Some of you are starting to disgust me. But I ask myself why am I surprised.



I love it actually...that whole judge not lest he be judged kinda vibe going on in here. I should have brought popcorn. Very 2013! laugh

I don't actually see anyone really condoning rampant sex with anything moving ... although if that is your thing ... fly at it.

Most people are talking about a relationship with someone ... not necessarily marriage and not necessarily leading to marriage but a relationship that can be every bit as committed.

Some days I just look around and let the circus music play in my head...life's greatest hits!



I am still kinda new here. I don't know the ways of Mingle or the people that are here yet. I expected a cross section like what I see outside of the computer. I am not disappointed.

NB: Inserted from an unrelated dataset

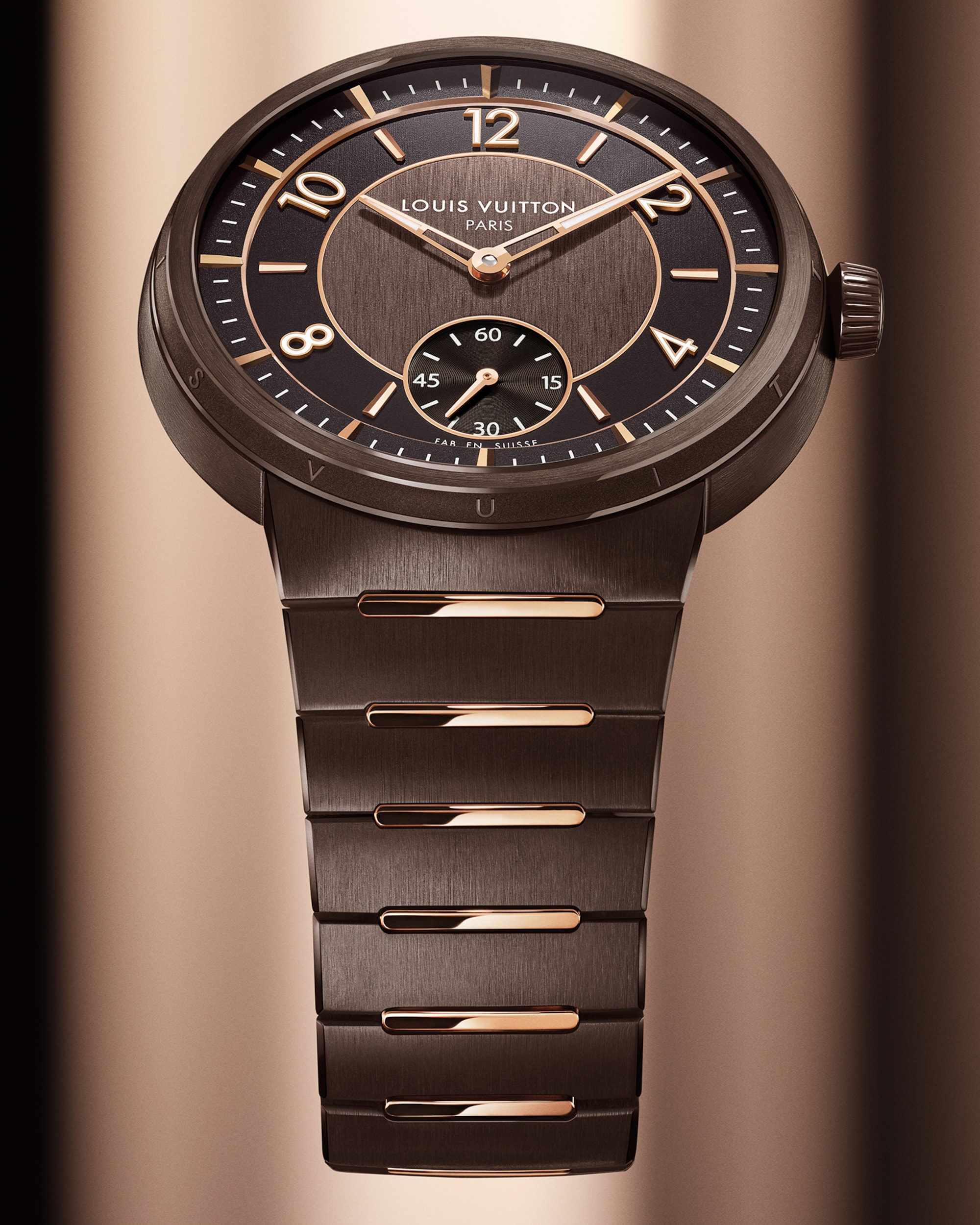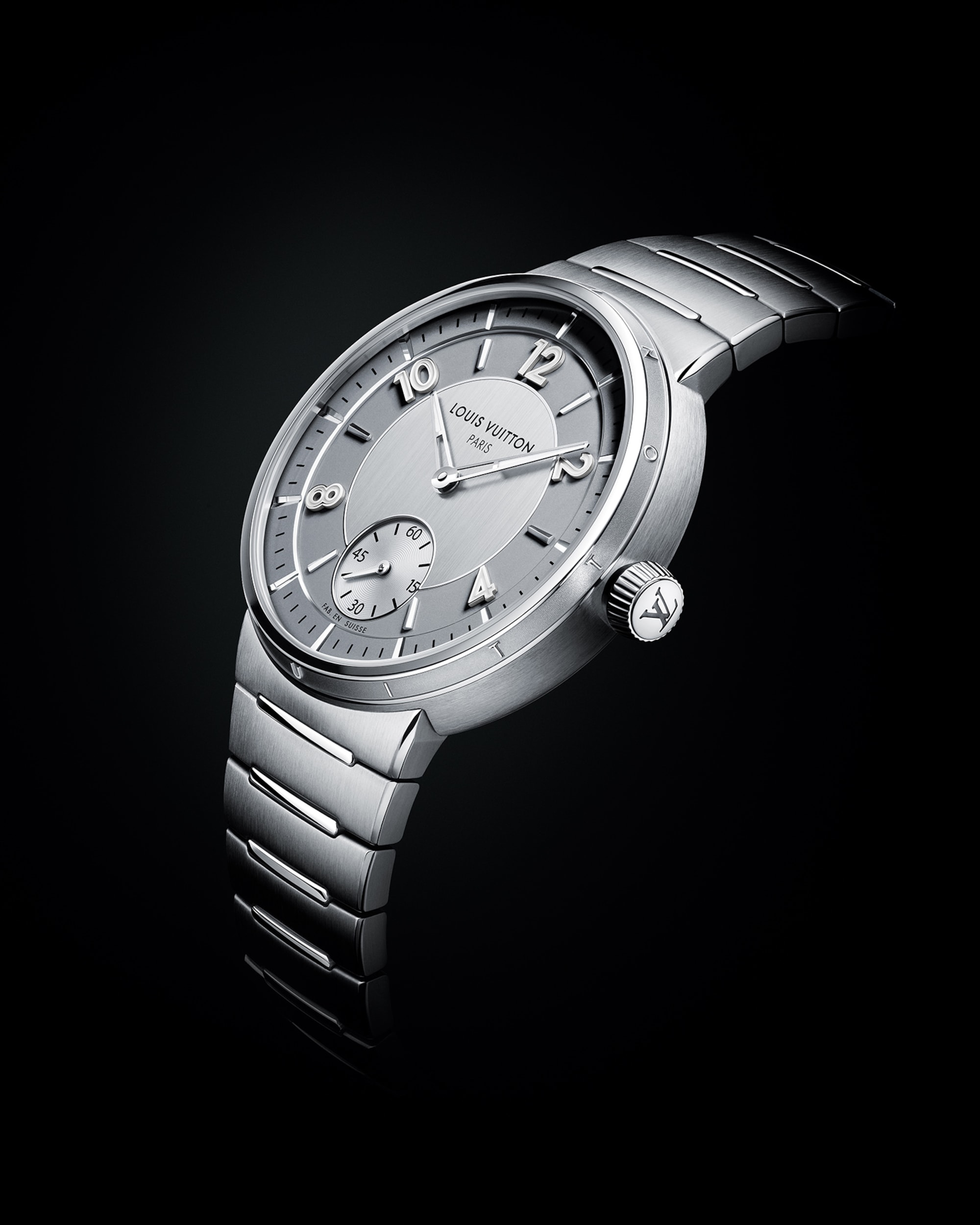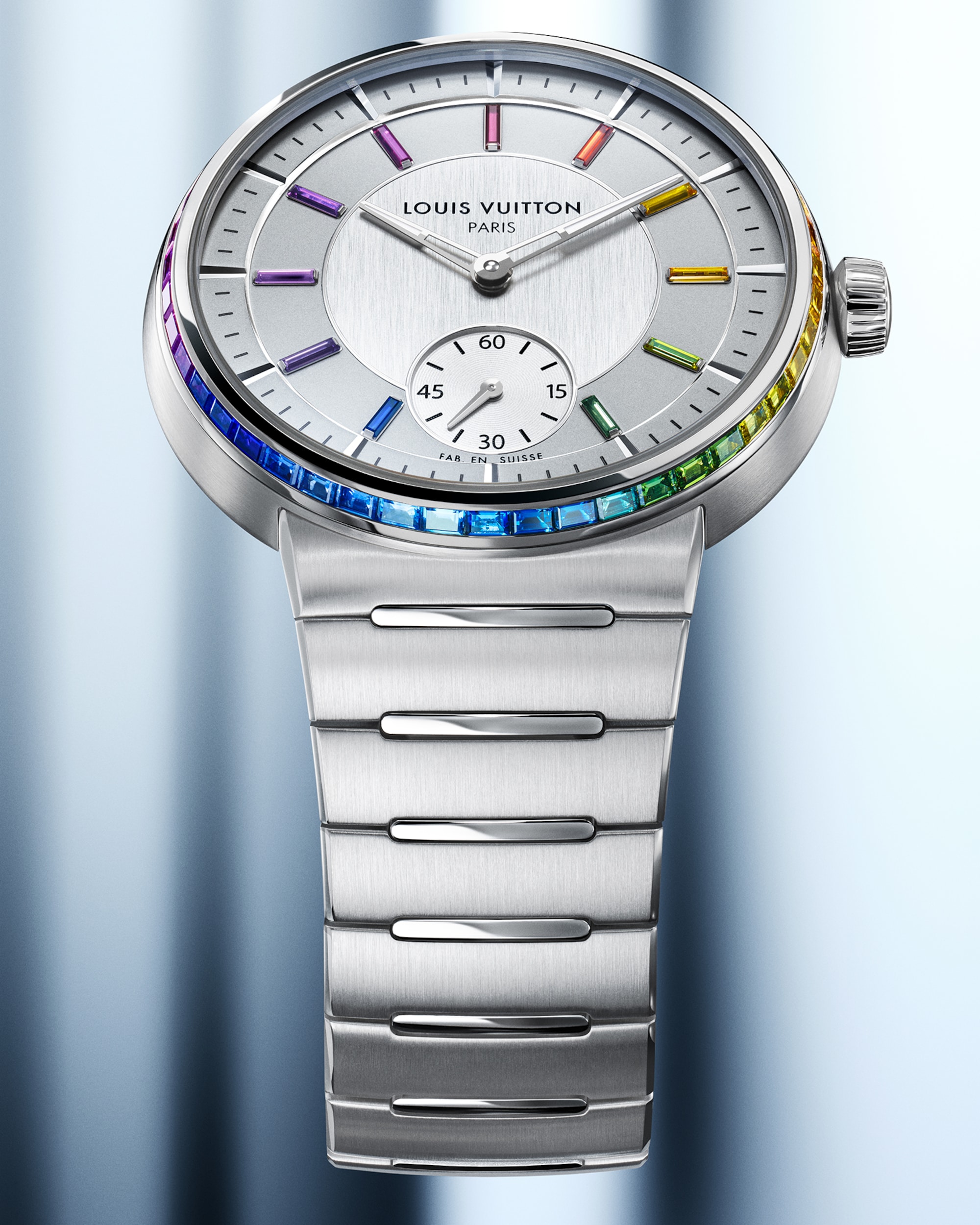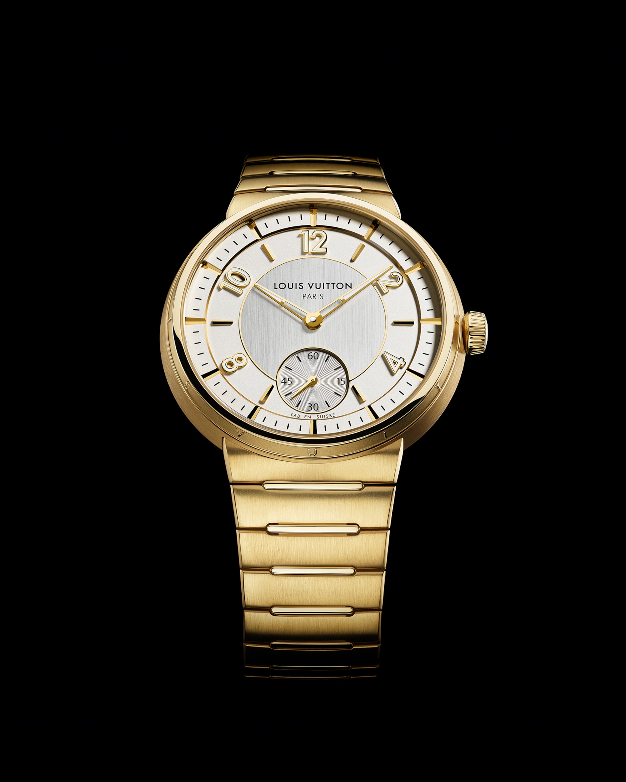 Embellished with contrasting finishes, the unisex timepiece features Louis Vuitton’s first integrated bracelet, which blends seamlessly into the slim case – offering comfort and fluidity through its curved lines.

I expected to find some that would be of the same mind as you lilredhollyhood and I expected to find others that would be all the way on the other side.

I don't really have any arguments yet that are stronger than the one that have been in my head already.

The only thing I can suggest is to think if it were your Mom and Dad or brother/sister and their spouse. The physical cost of taking care of someone over a long period of time in tremendous. And sometimes the care taker does not make it out either and in fact may go first. Do you just shrug your shoulders and say well that is the way it should be.


Rod, you need to do what is right for you ... not for anyone else. I sent you an email this morning ... not sure if you got it.

I did not see an email. I will look again and send you one if that is ok.


Of course it is okay!

I sent it again in response to your email. Let me know if you didn't get that one either.